By not posting the full details, it allows you the chance to get just a little push in the right direction without ruining the entire challenge.
I like to show my full thought process as I do a whole lot of stuff wrong before I start making good progress. We can both likely learn something from that :-)
- Note: My experience with this VM is that sometimes after a reboot, the Web service would be in a crashed/broken state, which forces you to reimport the VM from scratch. Eventually I just did a fresh import, got the network config'd the way I wanted it, and made a snapshot. That way you can just roll back with easy if the VM gets borqued.
An NMAP scan of this site reveals only port 80 open in what looks to be a Drupal site. I learned during the OSCP that hitting the /changelog.txt of a Drupal site should reveal its current version.
In looking for specific vulnerabilities that apply to that version, I found one that could create an admin account without knowing existing admin credentials. From there, I was able to enable PHP code in Drupal content, and create a static page with a reverse shell. When the page was saved, it executed the PHP and got me a low-priv shell.
Sometimes not only will you have a low priv shell, but it will be a low functioning shell where many commands won't work. In that case, it's worth trying to "upgrade" the shell with:
python -c 'import pty; pty.spawn("/bin/bash");'
From there, I used the low-priv shell to further explore the Drupal config, and buried in a settings file I found some database credentials. They didn't work to escalate privs to root, but again, going back to fundamental enumeration and figuring out what users and other variables exist on the system, I was able to try some basic passwords and escalate to another user on the machine.
At this point I started looking for kernel exploits or other avenues to grab root access. My searches came up dry, so I went back to reread the VM description on Vulnhub.com. In that blurb is a hint about reading another user's email, so I went after the mail folders/files, and from that information I learned that an important file existed on the box that was encrypted. The password for the encrypted file was supposedly going to be a certain length, might mention a certain educational institution, and might be cracked with a specific word list.

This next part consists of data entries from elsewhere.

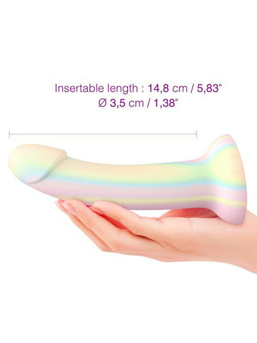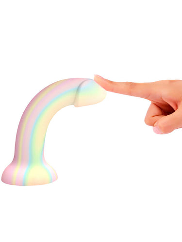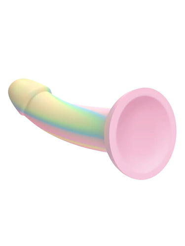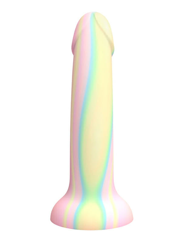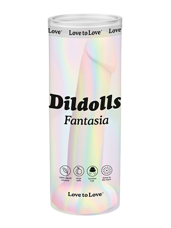 Love to Love Dildolls Fantasia is a silky smooth silicone dildo arrayed in pastel tones–it even glows in the dark! Its flexible curved shape ensures comfortable G-spot or P-spot stimulation. The dildo features a strong suction cup so it can be attached to any smooth, hard surface for hands-free pleasure. After use, clean the dildo with warm, soapy water or with a suitable sex toy cleaner.
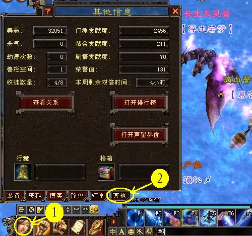 打开人物界面,选择最后一项“其他”,在这里你的门派贡献度、善恶值等一目了然。
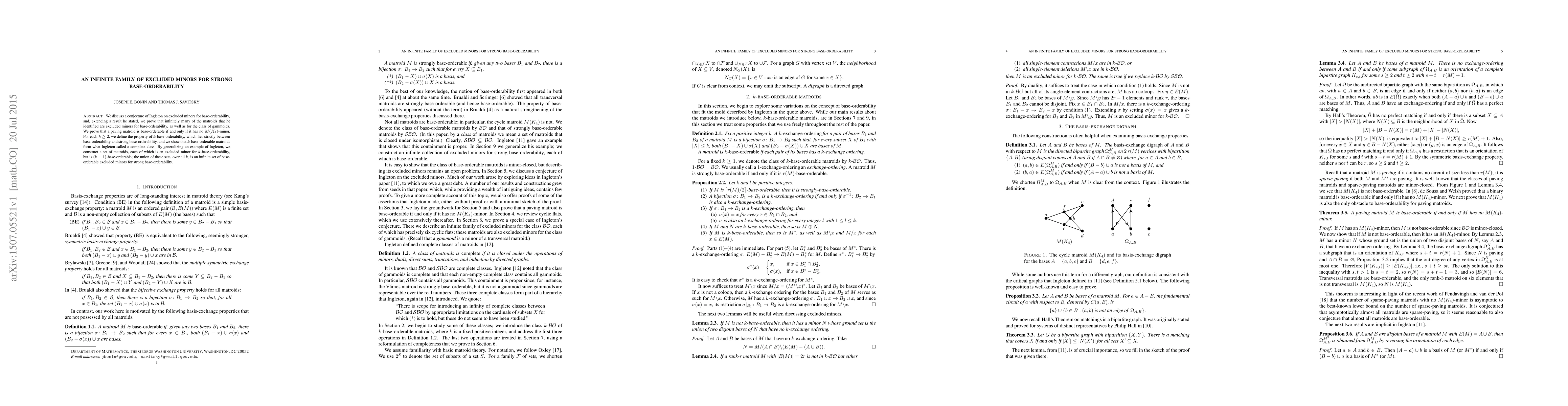 This paper proves that an infinite family of matroids identified by Ingleton serves as excluded minors for both base-orderability and gammoids. It establishes that a paving matroid is base-orderable if it lacks a minor isomorphic to the cycle matroid of a complete graph on four vertices.
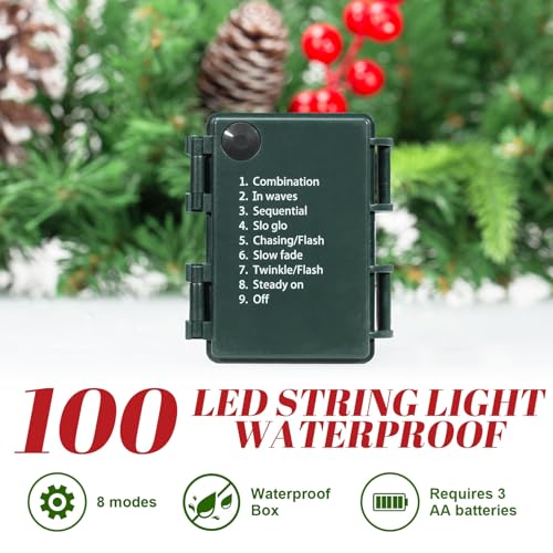 【Pre-Lit Garland】- The garland is pre-lit with 100 warm white LED lightss, equipped with a waterproof battery box, powered by 3 AA batteries (not included). It offers 8 lighting modes to suit different preferences.
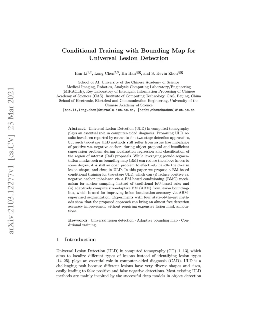 Conditional Training with Bounding Map for Universal Lesion Detection
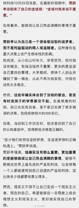 贾跃亭谈金钱观:钱对我来说不重要。
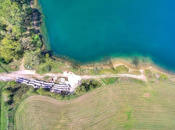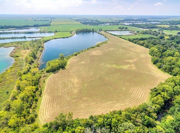 Incredible opportunity for a private estate or development! Stunning property with private lake! 75 plus acres zoned residential and commercial within Downs city limits. 25 acre well established stocked lake with private beach with expanded swimming area with sand bottom in 2010. Shared ownership of 2nd 23 acre lake with 725 ft of frontage. Beautifully styled 1900 square foot office which is currently leased and over 3800 square foot garage/shed with 3 large bay doors both built in 2008. Building on property includes private sand filter septic, private well and security fence with remote entry. Professional paver patio installed in 2010. Over 25 acres zoned residential which is perfect for building on. Over 1300 feet frontage along Highway 36 zoned commercial within 1 mile of I-74 exit 142. Currently farmed with 27 acres of hay with a share crop return of over $7,000 per year.
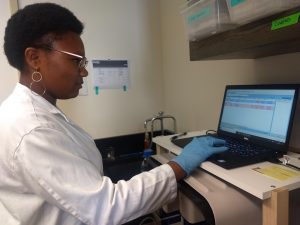 Right: Naomi sets up the Catachem, an autoanalyzer, for analysis of the serum samples in the lab.
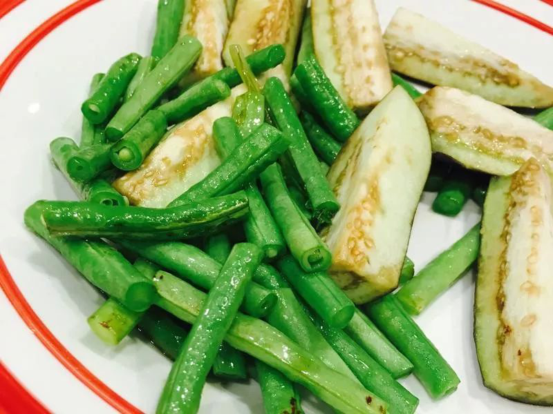 ⒈烧热油锅,放入蔬菜炒至半熟,捞起。
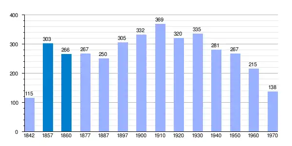 | Gráfica de evolución demográfica de Villaverde Peñahorada[3] entre 1842 y 1970 |
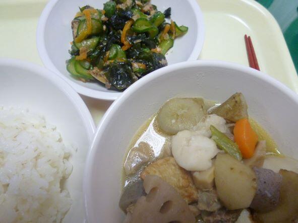 丸麦ご飯、じゃがいものすいとん、肉野菜炒め
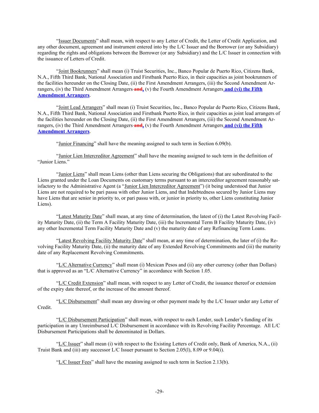 -29- “Issuer Documents” shall mean, with respect to any Letter of Credit, the Letter of Credit Application, and any other document, agreement and instrument entered into by the L/C Issuer and the Borrower (or any Subsidiary) regarding the rights and obligations between the Borrower (or any Subsidiary) and the L/C Issuer in connection with the issuance of Letters of Credit. “Joint Bookrunners” shall mean (i) Truist Securities, Inc., Banco Popular de Puerto Rico, Citizens Bank, N.A., Fifth Third Bank, National Association and Firstbank Puerto Rico, in their capacities as joint bookrunners of the facilities hereunder on the Closing Date, (ii) the First Amendment Arrangers, (iii) the Second Amendment Ar- rangers, (iv) the Third Amendment Arrangers and, (v) the Fourth Amendment Arrangers and (vi) the Fifth Amendment Arrangers. “Joint Lead Arrangers” shall mean (i) Truist Securities, Inc., Banco Popular de Puerto Rico, Citizens Bank, N.A., Fifth Third Bank, National Association and Firstbank Puerto Rico, in their capacities as joint lead arrangers of the facilities hereunder on the Closing Date, (ii) the First Amendment Arrangers, (iii) the Second Amendment Ar- rangers, (iv) the Third Amendment Arrangers and, (v) the Fourth Amendment Arrangers and (vi) the Fifth Amendment Arrangers. “Junior Financing” shall have the meaning assigned to such term in Section 6.09(b). “Junior Lien Intercreditor Agreement” shall have the meaning assigned to such term in the definition of “Junior Liens.” “Junior Liens” shall mean Liens (other than Liens securing the Obligations) that are subordinated to the Liens granted under the Loan Documents on customary terms pursuant to an intercreditor agreement reasonably sat- isfactory to the Administrative Agent (a “Junior Lien Intercreditor Agreement”) (it being understood that Junior Liens are not required to be pari passu with other Junior Liens, and that Indebtedness secured by Junior Liens may have Liens that are senior in priority to, or pari passu with, or junior in priority to, other Liens constituting Junior Liens). “Latest Maturity Date” shall mean, at any time of determination, the latest of (i) the Latest Revolving Facil- ity Maturity Date, (ii) the Term A Facility Maturity Date, (iii) the Incremental Term B Facility Maturity Date, (iv) any other Incremental Term Facility Maturity Date and (v) the maturity date of any Refinancing Term Loans. “Latest Revolving Facility Maturity Date” shall mean, at any time of determination, the later of (i) the Re- volving Facility Maturity Date, (ii) the maturity date of any Extended Revolving Commitments and (iii) the maturity date of any Replacement Revolving Commitments. “L/C Alternative Currency” shall mean (i) Mexican Pesos and (ii) any other currency (other than Dollars) that is approved as an “L/C Alternative Currency” in accordance with Section 1.05. “L/C Credit Extension” shall mean, with respect to any Letter of Credit, the issuance thereof or extension of the expiry date thereof, or the increase of the amount thereof. “L/C Disbursement” shall mean any drawing or other payment made by the L/C Issuer under any Letter of Credit. “L/C Disbursement Participation” shall mean, with respect to each Lender, such Lender’s funding of its participation in any Unreimbursed L/C Disbursement in accordance with its Revolving Facility Percentage. All L/C Disbursement Participations shall be denominated in Dollars. “L/C Issuer” shall mean (i) with respect to the Existing Letters of Credit only, Bank of America, N.A., (ii) Truist Bank and (iii) any successor L/C Issuer pursuant to Section 2.05(l), 8.09 or 9.04(i). “L/C Issuer Fees” shall have the meaning assigned to such term in Section 2.13(b).
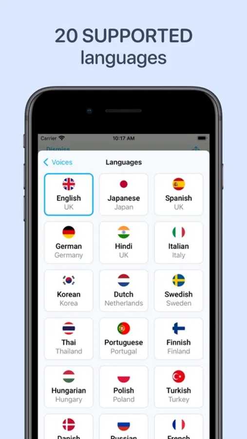 • Support multiple languages: English, Spanish, German, French, Portuguese, Japanese, Italian, Russian, Dutch, Finnish, Swedish, Danish, Turkish, Polish, Hungarian, Vietnamese, Arabic, Hindi, Korean, Thai with more than 50 high-quality voices.
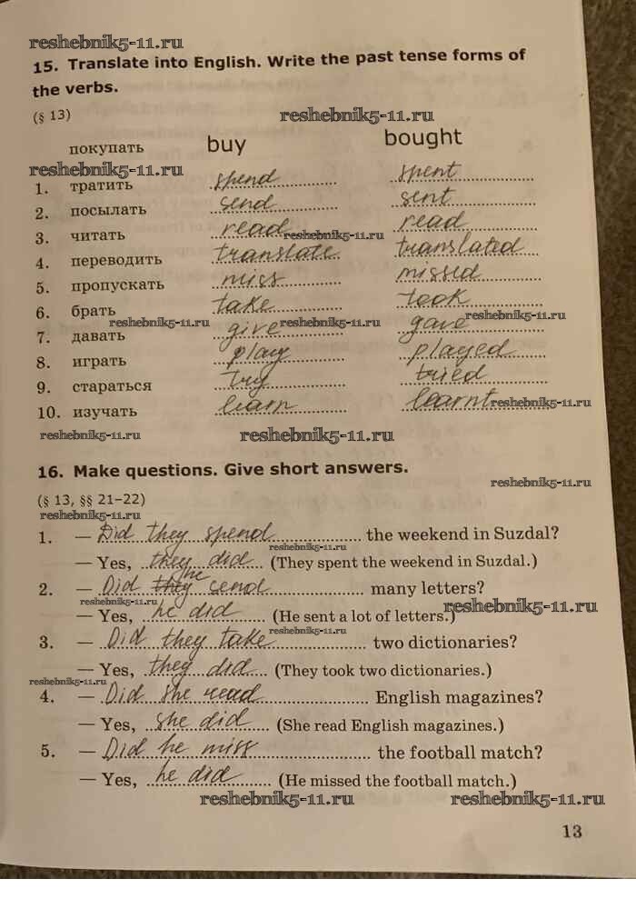 Готовая домашняя работа с ответами по Английскому языку за 5, 6 класс Барашкова Сборник упражнений УМК Часть 1, 2 Экзамен 2017 ФГОС - Unit 1 стр.13
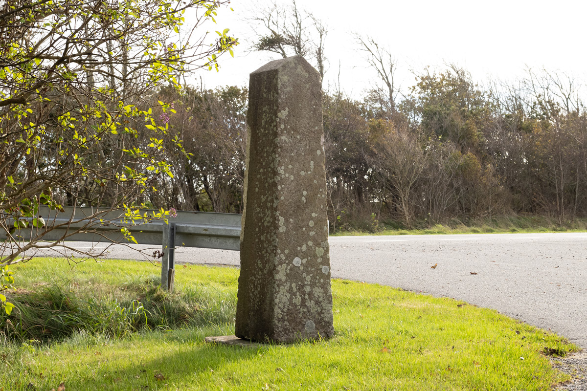 Milestenen står ved en rasterplads på Oddesundvej (A11).
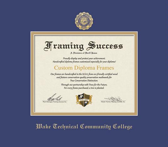 Wake Technical Community College Diploma Frame with Royal Blue and Gold Double Mat and Gold Embossing
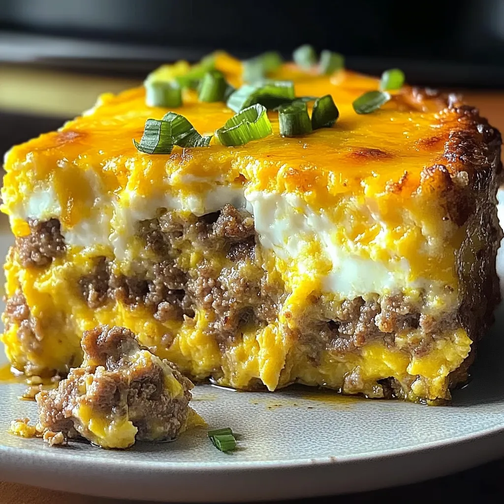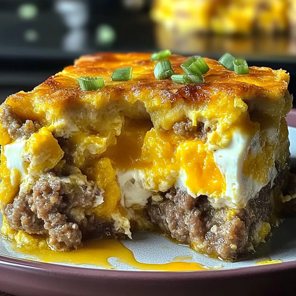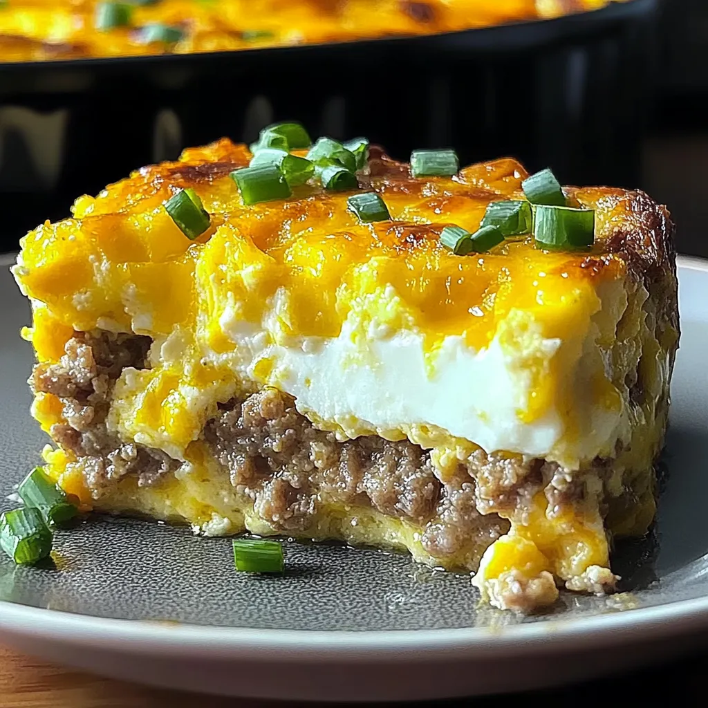 Indulge in a savory Sausage Egg Casserole with creamy cheese Perfect breakfast dish for a tasty morning meal Enjoy a delicious start
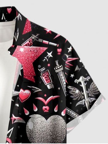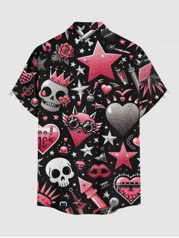 Chemise à Manches Courts> Chemise grande taille homme à imprimé tête de mort, couronne de roses et cœur, poche boutonnée
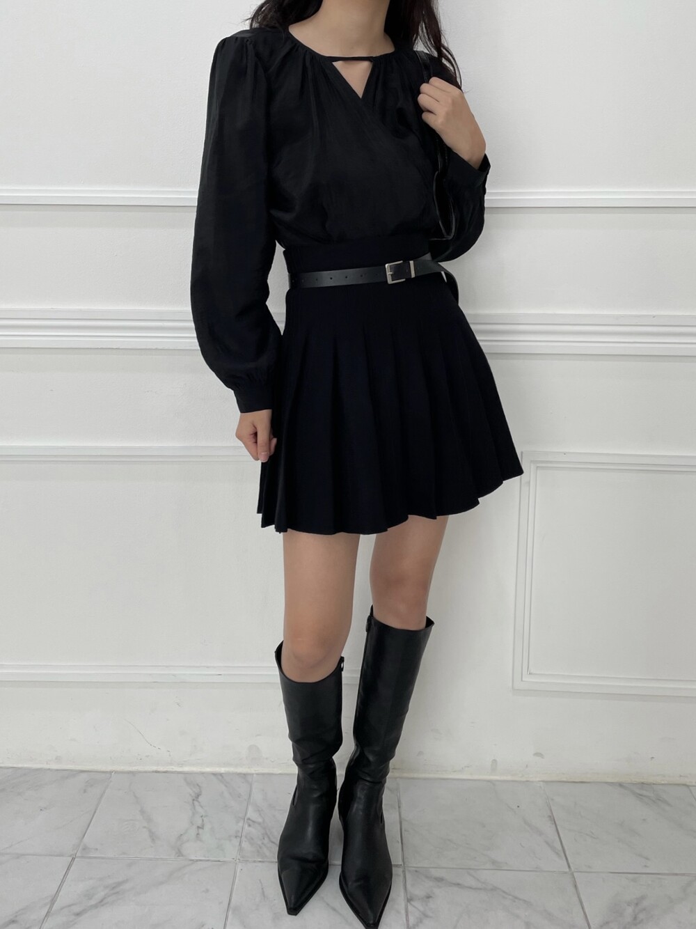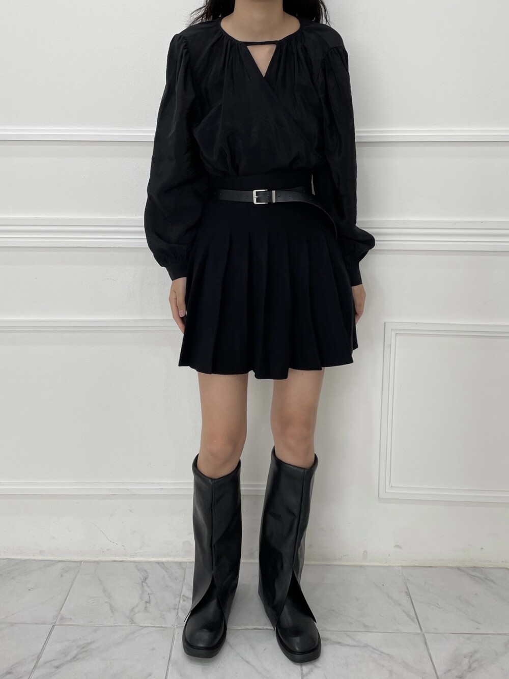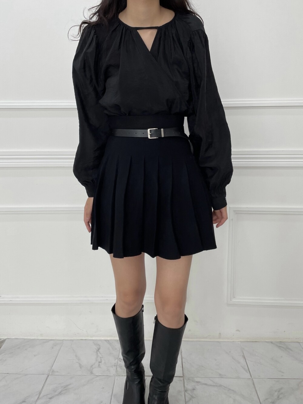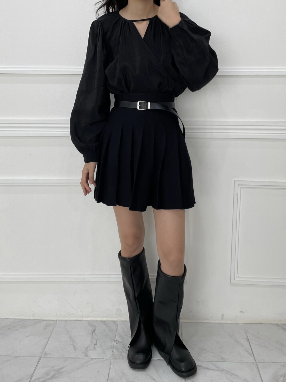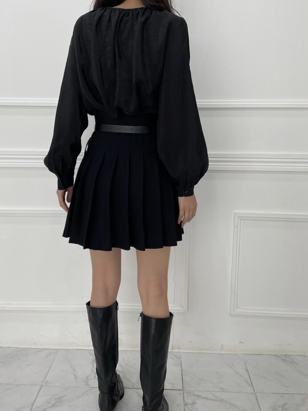 은은한 광택이 도는 새틴 원단에 네크라인 셔링 부터 소매 퍼프까지 , 소재며 디테일이며 퀄리티가 매우 좋은 아이템입니다. 선선한 바람이 부는 요즘 가을 날에 데이트룩으로 입으셔도 딱 좋은 블라우스입니다.
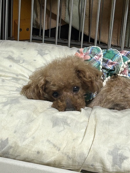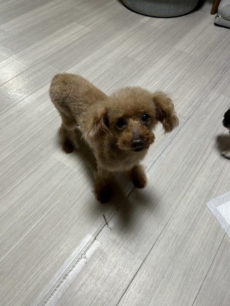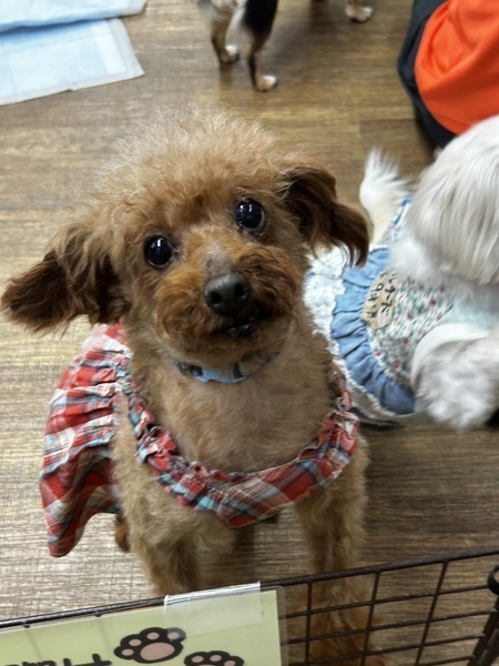 | 特徴(性格など) | 犬種 トイプードル 性別 ♀ 年齢 8歳くらい(2023年2月現在) カラー レッド 体重 3.6キロ 性格 甘えん坊さんです。対犬とも問題なく過ごしています。かまって欲しいトイプードルらしい子です。 ご飯 口腔内の状態が悪かったのですが、ドライフードも大丈夫です。手作りや缶詰めなどをトッピングして食べています。他のわんこと取り合いすることもなく、上手に食べます。 お散歩 まだ練習は必要ですが、少しずつできるようになっています。 お留守番 フリーで他のワンコと問題なく過ごしています。 トイレ シートの認識はあります。 保護時は鼻・前後脚・尻尾・耳に脱毛がありましたが、生えそろってきています。 |
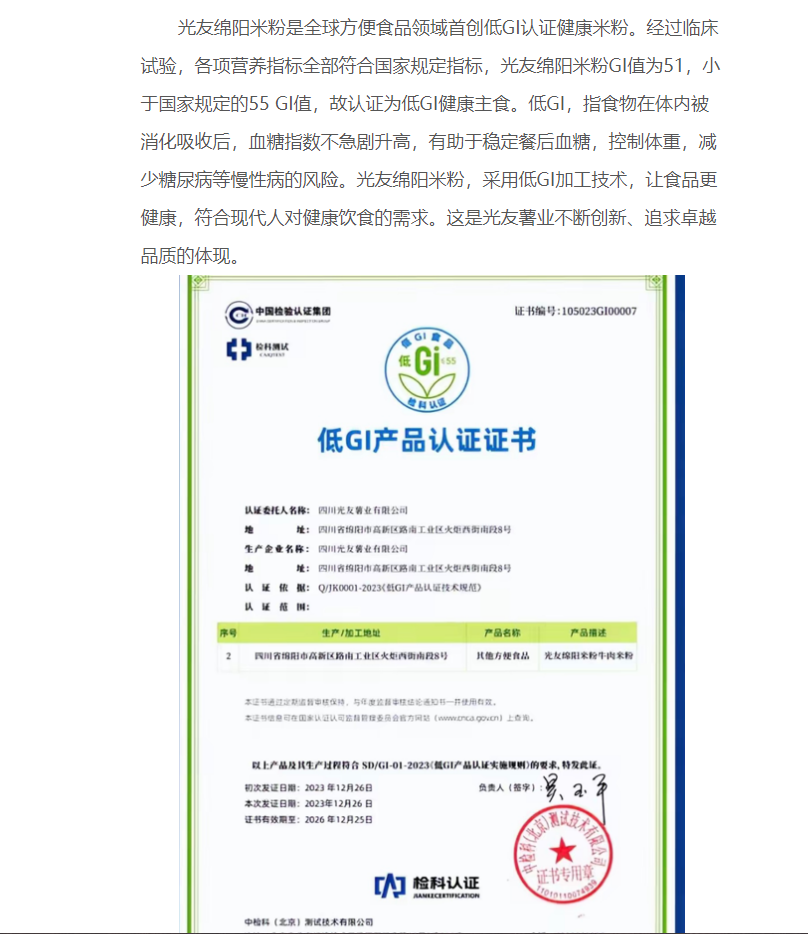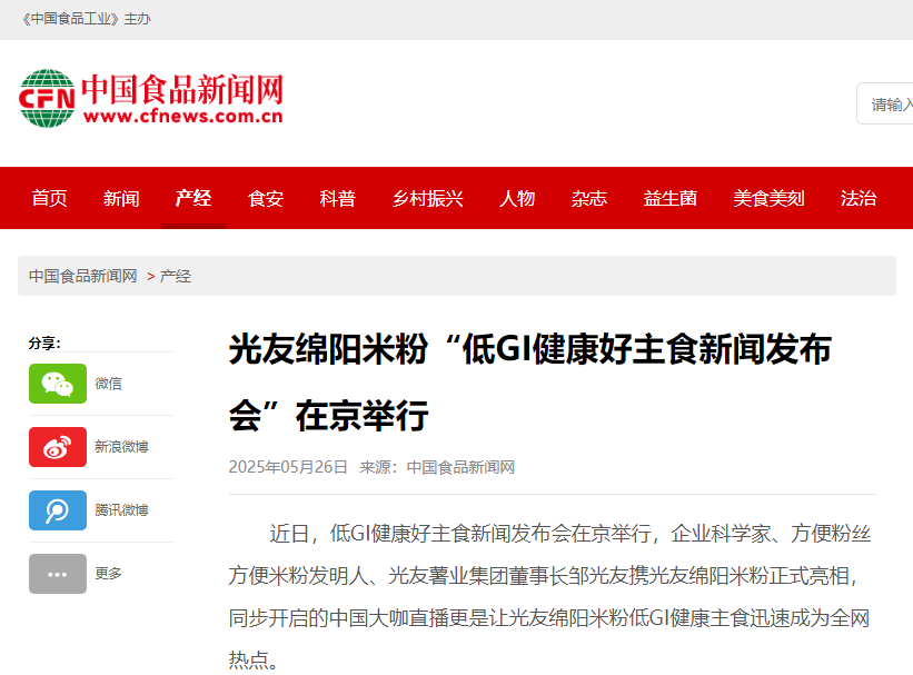 轉載中國食品新聞網——光友綿陽米粉“低GI健康好主食新聞發(fā)布會”在京舉行

However, I couldn't get to that file without my root access, so I continued poking around the box, trying to see if there were mail services or other things I missed that might help me get that root foothold. After wanting to jab my eye with a dull hairbrush for an hour or so, I walked away for a while. When I came back I went back to basics once again and was able to guess the root password pretty quickly.
Now with root access I could browse to the .tc file and attempt to crack it. A little Googling revealed that the built in tool Truecrack would be perfect for this. However, I had some issues getting it to run right. First it would bomb out about 5 minutes into running the file against a word list. So I did a bit of checking around and discovered I wasn't running the latest build. I grabbed the newest, installed it, and also took a Serverfault article's advice and compiled it for a CPU-only configuration. This time when the cracking operation ran, the tool remained stable for several hours. I went to bed thinking I'd wake up to some good news!
That bad news is I woke up to see a "Segmentation Fault" error on my screen. It looked like the app had quit about halfway through my word list. I went back to the hint I found in the mail archive about what the password might be. I had to look online for a hint as far as what the educational institution name had to do with the password, but once I had that information, I was able to parse a large wordlist down to something a little more manageable, and this time Truecrack cracked it!
It looks like a Linux version of TrueCrypt isn't installed by default in Kali anymore, so I downloaded an alternative tool which was able to mount and explore the container with no problems. Once inside the container, look carefully as you may have to do some digging to find the congratulatory note buried inside letting you know you've pwned the box!